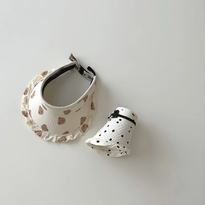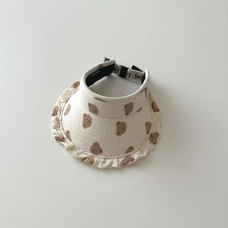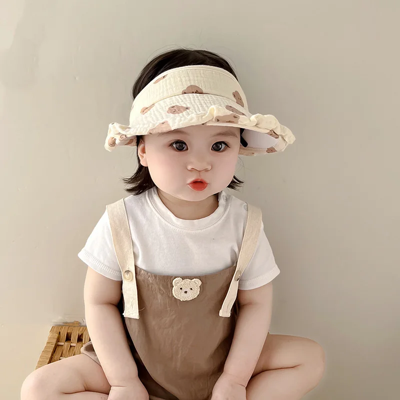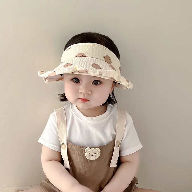 Sombrero con estampado de oso de dibujos animados para niños y niñas, gorra de sol con tapa vacía, ajustable, sombrilla para bebé, accesorios coreanos para niños
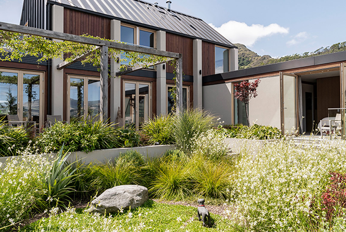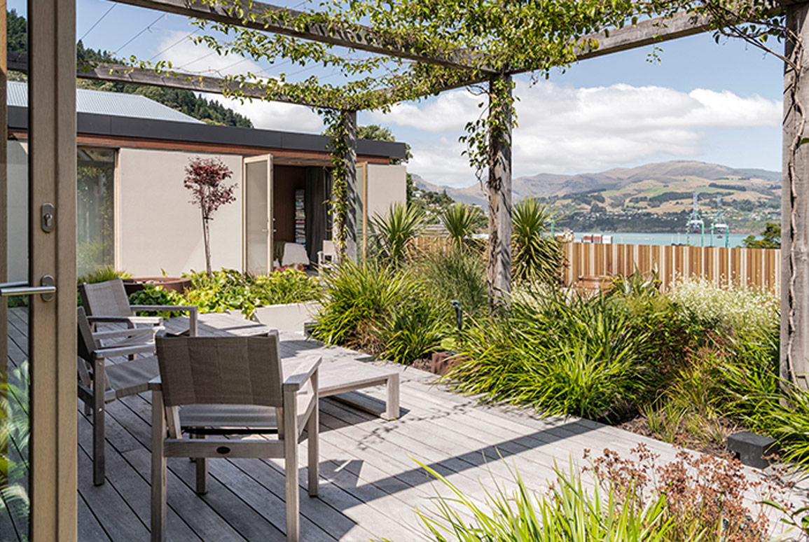 A lushly planted small urban garden to complement a contemporary new house in Lyttelton, Christchurch was awarded a Gold Medal in Landscape Design. The garden provides a range of outdoor living and garden spaces across the terraced site including a breakfast terrace, large deck and no-mow lawn nestled into thick planting. Views out to Lyttelton Port and harbour are celebrated while cedar boundary screens maintain privacy from the adjacent properties. The garden is a restful and relaxing refuge.
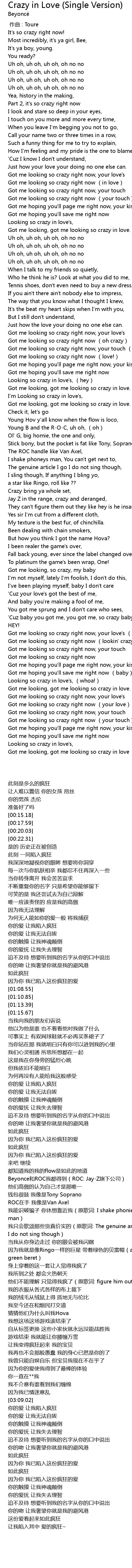 | [01:51.62] | Looking so crazy in love's, (hey) |
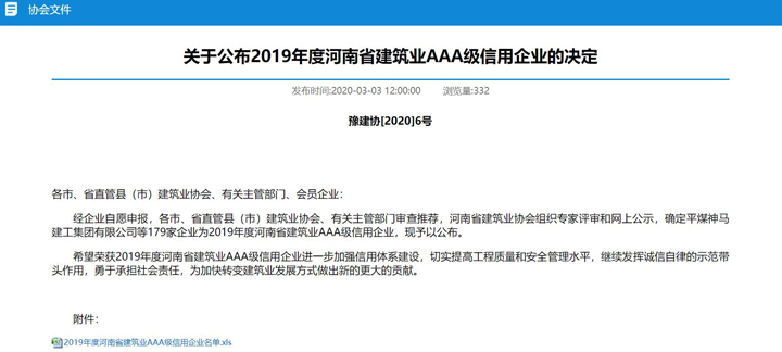 为进一步加强建筑企业信用体系建设,3月3日,河南省建筑业协会发布了《关于公布2019年度河南省建筑业AAA级信用企业的决定》,开云线上平台集团河南公司榜上有名,这也是河南公司首次上榜。

= Work to be completed =
Only the lines from the one with "love's, (hey) |" through the end of the listing should be transcribed, exactly and without pictures.

= Result for this exercise =
 | [01:51.62] | Looking so crazy in love's, (hey) |
 为进一步加强建筑企业信用体系建设,3月3日,河南省建筑业协会发布了《关于公布2019年度河南省建筑业AAA级信用企业的决定》,开云线上平台集团河南公司榜上有名,这也是河南公司首次上榜。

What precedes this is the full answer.